#### [Work instruction]
Exactly the lines from the one with "2024云南省非公企業(yè)創(chuàng)新能力20強(qiáng)" through the end of the records below are needed, minus any pictures.

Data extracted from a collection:
────────────────

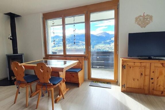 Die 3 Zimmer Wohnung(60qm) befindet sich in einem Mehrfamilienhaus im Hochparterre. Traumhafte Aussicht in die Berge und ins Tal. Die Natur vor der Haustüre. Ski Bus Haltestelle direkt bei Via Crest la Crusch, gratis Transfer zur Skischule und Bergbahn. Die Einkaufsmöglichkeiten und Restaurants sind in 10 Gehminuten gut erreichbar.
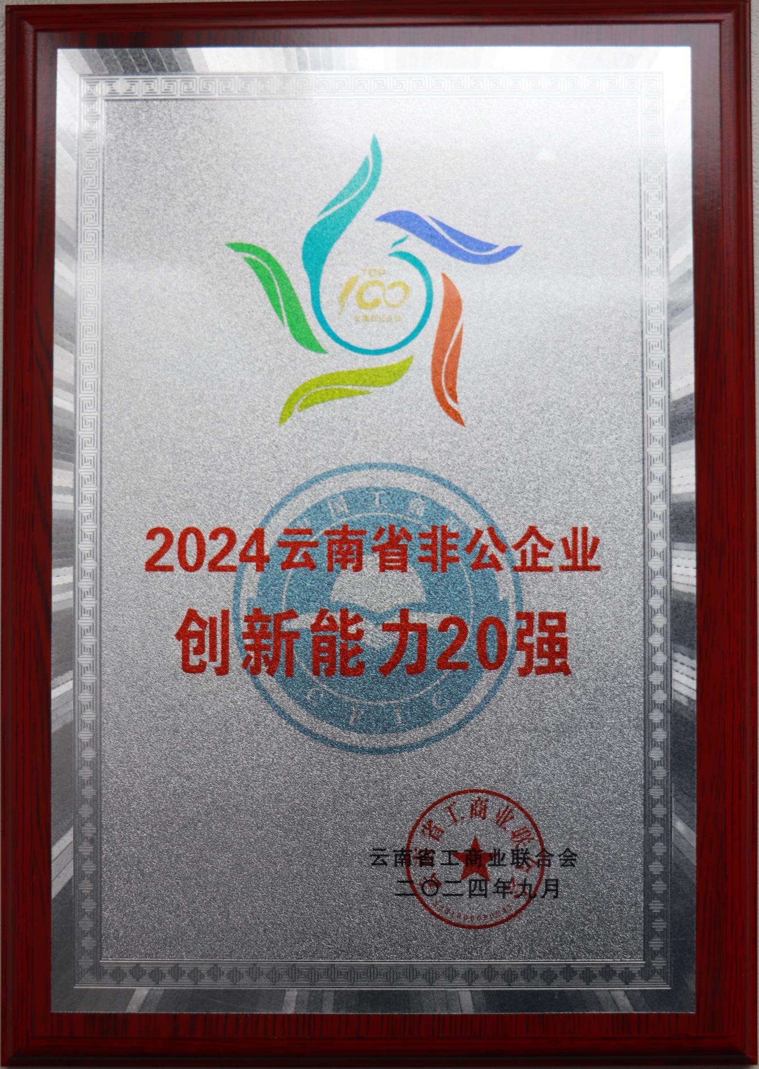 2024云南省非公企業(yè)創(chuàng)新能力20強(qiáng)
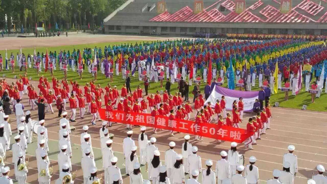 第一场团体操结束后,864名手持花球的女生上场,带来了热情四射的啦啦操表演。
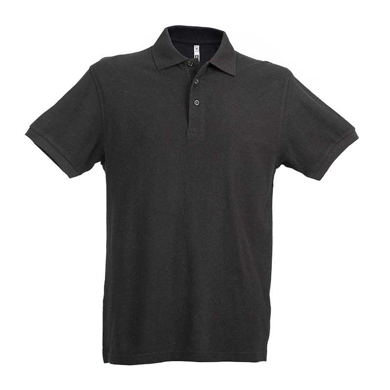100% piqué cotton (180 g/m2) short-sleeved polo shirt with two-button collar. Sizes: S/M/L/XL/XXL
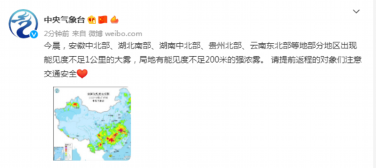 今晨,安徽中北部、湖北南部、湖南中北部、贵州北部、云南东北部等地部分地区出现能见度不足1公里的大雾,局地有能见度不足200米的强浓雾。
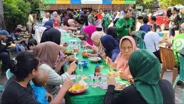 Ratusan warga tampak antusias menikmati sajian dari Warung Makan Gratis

────────────────

#### [Written answer]
 2024云南省非公企業(yè)創(chuàng)新能力20強(qiáng)
 第一场团体操结束后,864名手持花球的女生上场,带来了热情四射的啦啦操表演。
100% piqué cotton (180 g/m2) short-sleeved polo shirt with two-button collar. Sizes: S/M/L/XL/XXL
 今晨,安徽中北部、湖北南部、湖南中北部、贵州北部、云南东北部等地部分地区出现能见度不足1公里的大雾,局地有能见度不足200米的强浓雾。
 Ratusan warga tampak antusias menikmati sajian dari Warung Makan Gratis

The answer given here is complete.